В столицу империи, город с иноземным именем Петербург, частенько доносили о «послаблениях, чинимых лекарем Гаазом». То он самовластно понуждает перековывать преступников в легкие, обтянутые кожей кандалы; то выдает арестантам бандажи, очки, протезы; то настаивает на расследовании жалоб, а иногда и пересмотре дел осужденных российским правосудием преступников. «Чтобы никто, — по его словам, — не был заключен в тюрьму противно разуму законов и сущности того дела, по которому он судится или прикосновен; чтобы всякий знал, в чем он обвиняется, чтобы не было опущено никаких справок и взысканий, требуемых ими к своему оправданию, чтобы содержание в тюрьме не отягощалось медлительностью и чтобы те, кого можно законом освободить, были освобождены».
Доносы, посылаемые в Петербург, для вескости снабжались заключениями: «Ф. П. Гааз не только бесполезен, но даже вреден — он возбуждает своей неуместной благотворительностью развращенных арестантов к ропоту».
С виду чопорный и неприступный чиновник, Федор Петрович носил в груди сердце, полное любви к человечеству, и особенно ко всем несчастным, какими он, подобно многим русским людям вообще, считал арестантов.
А начиналась его врачебная карьера полста лет назад точно так же, как и у других лекарей-иноземцев, наезжавших в Россию практиковаться под покровительством знатных бар и наживать стотысячные капиталы, оставаясь чуждыми чаяниям и упованиям русского народа. Но, насытившись благородными речами и благородными недугами господ, Гааз перешел на дорогу, не сулившую ни почестей, ни богатств, а только вечные заботы, пререкания да никого не привлекавшую любовь бедняков и отверженных.
Постепенно исчезли у тюремного доктора карета с четырьмя белыми лошадьми, запряженными цугом, и дом в Москве, и подмосковное имение с суконной фабрикой. Единственная роскошь, которую позволила себе оставить «одна благотворительная особа, пожелавшая остаться неизвестной», — несколько купленных по случаю астрономических труб. По ночам, если не валился с ног от усталости, Федор Петрович любил немножко посмотреть на звезды. А утром вновь старик в поношенной волчьей шубе, в черном фраке с длинными узкими фалдами, как врач и член московского тюремного комитета, входил в камеры опасных — проклейменных, наказанных плетьми и приговоренных в рудники без сроку — и, поцеловав отверженного в лоб, спрашивал: «Не имеете ли какой-нибудь нужды?»

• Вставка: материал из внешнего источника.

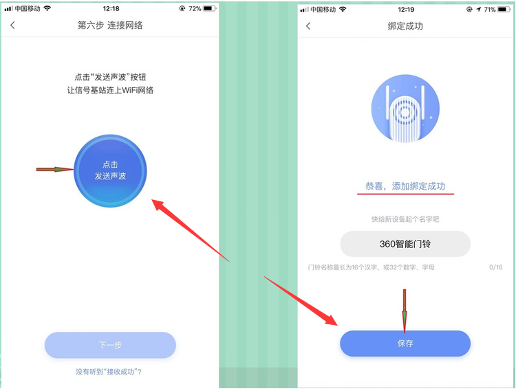 密碼輸入成功后,點擊“發送聲波”按鈕,基站接收到后,提示手機與基站鏈接成功!即手機與門鈴綁定成功!點保存。

Московские губернаторы вынуждены были смотреть на «беспорядки», чинимые Гаазом, сквозь пальцы, так как борьба с врачом-филантропом была утомительна и непопулярна у жителей Москвы. Его знал здесь каждый, им гордились, как петербуржцы Исаакиевским собором. И дальше, по всей России и даже за ее пределами, разносили молву о добром докторе Гаазе и его делах тысячи и тысячи благодарных россиян: и ссылаемый в Сибирь за поджог девятилетний крестьянский мальчик Ваня, и знаток живописи, товарищ председателя Московской уголовной палаты Дмитрий Ровинский, и переселившийся в Ниццу московский барин и писатель Искандер… Тысячи и тысячи мужиков, мещан и дворян кто с усмешкой, кто с благоговением, а иной и с презрением повторяли имя затейливого доктора, в вербное воскресенье 1852 года поднимавшегося в своей пролетке обычным путем на царствующую над Москвой высоту.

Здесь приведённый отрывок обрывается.